Levantamentos da imprensa americana mostram que quase metade dos jogadores convocados para a seleção dos Estados Unidos possui raízes familiares em outros países. A composição da equipe reflete uma característica histórica da sociedade americana e ajuda a ilustrar a influência da imigração em diferentes áreas, do esporte ao ambiente de negócios.

Os números reforçam esse cenário. Atualmente, cerca de 16% da população dos Estados Unidos nasceu fora do país e aproximadamente 20% da força de trabalho é formada por imigrantes. No empreendedorismo, a participação também é expressiva: quase metade das empresas da Fortune 500 foi fundada por imigrantes ou filhos de imigrantes.

Para o advogado especialista em imigração Dr. Vinicius Bicalho, mestre pela University of Southern California (USC), a presença de profissionais estrangeiros sempre esteve associada ao crescimento econômico americano.

“A história dos Estados Unidos está diretamente ligada à capacidade de atrair talentos, profissionais qualificados, empreendedores e investidores de diferentes partes do mundo. Essa contribuição ajudou a impulsionar a inovação, a competitividade e o crescimento econômico do país ao longo de décadas”, afirma.

Embora o debate migratório frequentemente esteja associado às políticas de fronteira e segurança, especialistas defendem que a imigração legal continua sendo um dos fatores que fortalecem a economia americana, especialmente em setores como tecnologia, inovação, saúde, engenharia e empreendedorismo.

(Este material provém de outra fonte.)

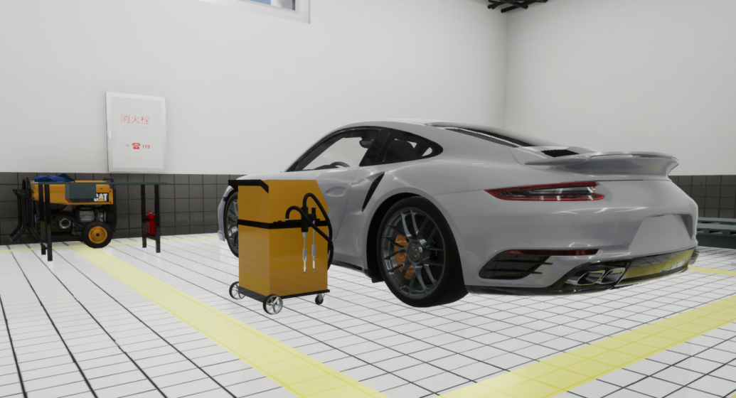 軟件按照1:1真實比例還原實訓場景,給操作者帶來極高的沉浸感。以VR體驗的方式,通過定位追蹤器定位使用者的位置,通過手柄與場景中的物體進行交互以模擬真實的汽車鈑金、噴漆操作,使用者帶上頭顯即可進行逼真體驗,配合手柄操作以及3D環繞立體聲可以真實地模擬現場感覺。在場景里使用者根據系統的提示一步步跟隨操作,又搭配有真實的場景及物理引擎,可以使汽車鈑金、噴漆的學習事半功倍。

“Quando profissionais, empresários ou investidores chegam aos Estados Unidos por meio de processos legais e estruturados, eles não apenas buscam oportunidades individuais. Eles também geram empregos, estimulam a inovação e contribuem para o desenvolvimento de setores estratégicos da economia”, explica Bicalho.

Mais do que um retrato da diversidade americana, a seleção que disputa a Copa do Mundo simboliza uma característica que ultrapassa o esporte. A imigração faz parte da formação dos Estados Unidos e continua exercendo influência na capacidade do país de atrair talentos, criar empresas e manter sua competitividade em escala global.